Whether community archives consider their endeavors to be political, exerting control over community documentation and storytelling inherently calls attention to issues of power manifest in traditional approaches to archival creation and maintenance. As the interest in, and number of, community archives increase globally, opportunities to document and share these efforts and materials with the general public may result in tension between community archives stakeholders and heritage professionals who are trained with an emphasis on legal, intellectual, and physical control of records.

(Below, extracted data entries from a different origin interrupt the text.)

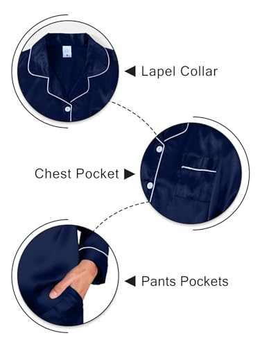 IFFEI Men's Silk Pajama Set Button Down Long Sleeve Shirts and Pants 2 Piece Matching Pjs Set with Pockets 2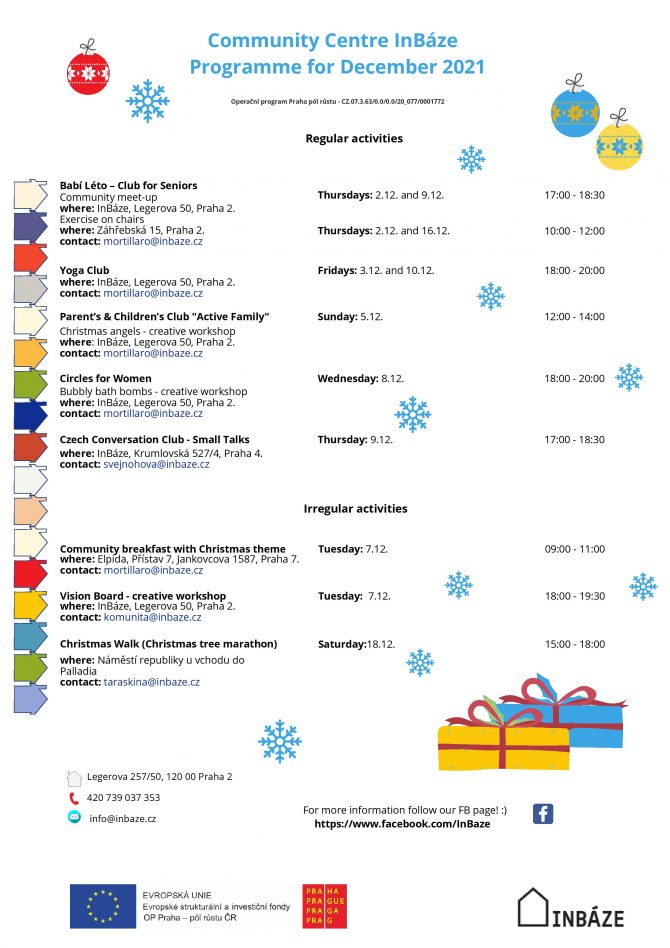 The December programme of the InBaze community centre is here. As usual, you may look forward to regular clubs such as the yoga club, the parents and children’s club called Aktivní rodinka, or the Babí léto senior club. You can also take part in interesting Christmas-themed events. Make sure not to miss the Christmas breakfast planned on 7th December and the walk aptly called Christmas Tree Marathon on 18th December.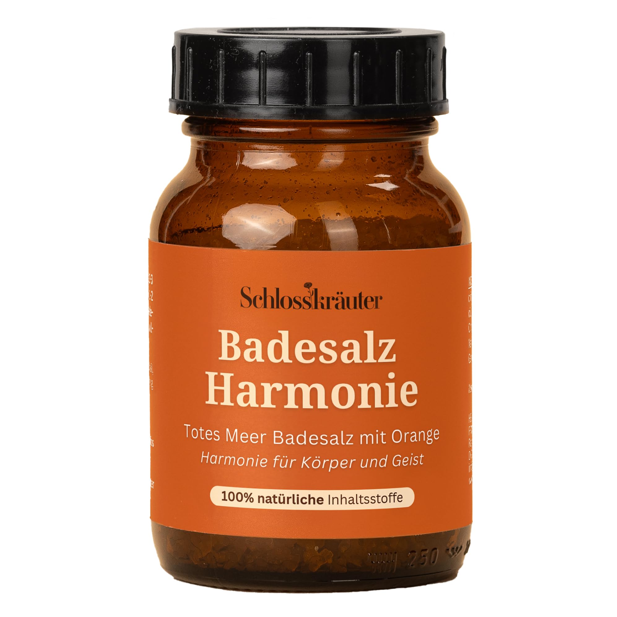Schlosskräuter Harmony Bath Salts - 200g - 100 natural ingredients according to the original recipe by pharmacist Anja Heinz with Dead Sea salt, jojoba oil, and essential oils INGREDIENTS Dead Sea salt, jojoba oil, ether. Orange, ylang-ylang, and rosewood oils INSTRUCTIONS FOR USE For adults: 2 to 3 tablespoons. For children 3 years and older: add 1 to 2 tablespoons to running bath water and dissolve completely. See more100 Natural: We completely avoid artificial additives, fragrances, and preservatives, using only natural, premium-quality ingredients. Original Apothecary Recipe: Our bath salts are suitable for children and adults and are made according to the original recipe by pharmacist Anja Heinz. Skin Care: Our relaxing bath salts are based on Dead Sea salt and jojoba oil, leaving your skin noticeably softer. Harmony of Body and Mind: Our bath products contain soothing essential oils of orange, rosewood, and ylang-ylang. Dead Sea Salt: Our Harmony bath salts are based on a blend of Dead Sea salt, jojoba oil, and essential oils.Schlosskräuter Harmonie Sels de bain 100 naturels avec orange 200 g Bain relaxant aux huiles essentielles additif de bain pour détendre le corps et l'espritDESCRIPTION DU PRODUIT DESCRIPTION DU PRODUIT Schlosskräuter Sel de bain Harmonie - 200 g - Ingrédients 100 naturels selon la recette originale de la pharmacienne Anja Heinz avec sel de la mer Morte, huile de jojoba et huiles essentielles INGRÉDIENTS Sel de la mer Morte, huile de jojoba, éther. Huiles orange, ylang-ylang, bois de rose MODE D'EMPLOI Pour adultes 2 à 3 cuillères à soupe et les enfants à partir de 3 ans, ajoutez 1 à 2 cuillères à soupe à l'eau courante du bain et dissolvez complètement. Voir plus100 naturel : nous renonçons complètement aux additifs artificiels, aux parfums et aux conservateurs et utilisons uniquement des ingrédients naturels et de qualité supérieure. Recette originale apothèque : nos sels de bain conviennent aux enfants et aux adultes et sont fabriqués selon la recette originale de la pharmacienne Anja Heinz. Soin de la peau : notre bain relaxant est basé sur une base de sel de mer mort et d'huile de jojoba qui rend votre peau sensiblement plus souple. Harmonie du corps et de l'esprit : nos produits de bain contiennent des huiles essentielles apaisantes d'orange, de bois de rose et d'ylang-ylang. Sel de la mer Morte : notre sel de bain Harmonie est basé sur un mélange de sel de mer mort, d'huile de jojoba et d'huiles essentielles.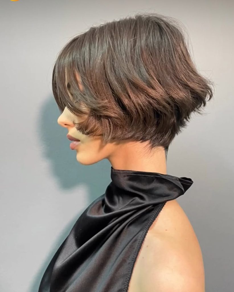 The key is the styling direction: lift at the crown, softness at the edges, and a side sweep that keeps the profile elegant. Ask for short layers designed to stack at the back (not thin out), and keep the top long enough to style with a light paste or volumizing spray.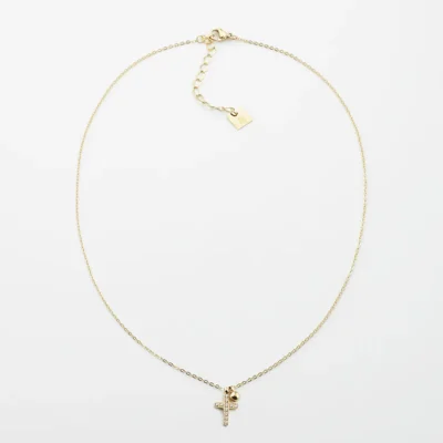 Collier chaîne en acier uni ou doré à l’or fin par ionisation. Le pendentif petite croix flirte délicatement sur la chaîne avec un petit zirconium en serti clos.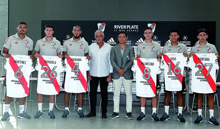 Los seis jugadores mostraron las camisetas con los números que tendrán: Jonatan Maidana (4), David Martínez (6), Agustín Palavecino (8), Alex Vigo (16), José Paradela (26) y Agustín Fontana (27).
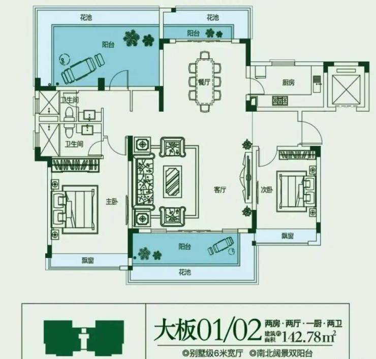建面约143㎡,2房2厅1厨2卫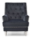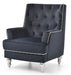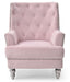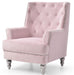This chair features a classic design with button tufted back and hand applied nailheads for a stylish traditional look. -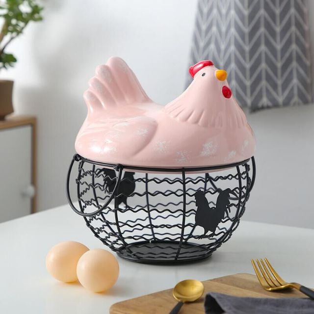Egg Basket Keranjang Simpanan Ayam Penyimpanan Telur Keranjang Tempa Besi Tempa Meletakkan Bakul Telur Keperibadian Kreatif Dengan Hiasan Penutup Shopee Malaysia

Since many community archives develop as independent social spaces, often distinct from mainstream narratives, their organizational champions may resist archival labels and/or intervention by trained professionals out of concern that collections may be absorbed by formal institutions and rendered inaccessible to their communities.
Therefore, issues of independence and autonomy tend to be at the forefront of community archival identities, even if they seek partnerships or welcome support from traditional cultural heritage institutions.

Beyond spatial and financial limitations, community archives can suffer from a lack of trained staff to handle preservation, curation, and outreach activities. As a result, community archives may still be managed by outside institutions despite heavy involvement with their specific demographic.

Scholars such as Michelle Caswell have proposed addressing these challenges through the development of “citizen archivist” training programs. These initiatives aim to equip community members with practical skills in archival handling, material preservation, and ethical community engagement. The broader goal is to gradually shift authority and expertise away from external, third-party institutions and restore archival autonomy to the communities themselves.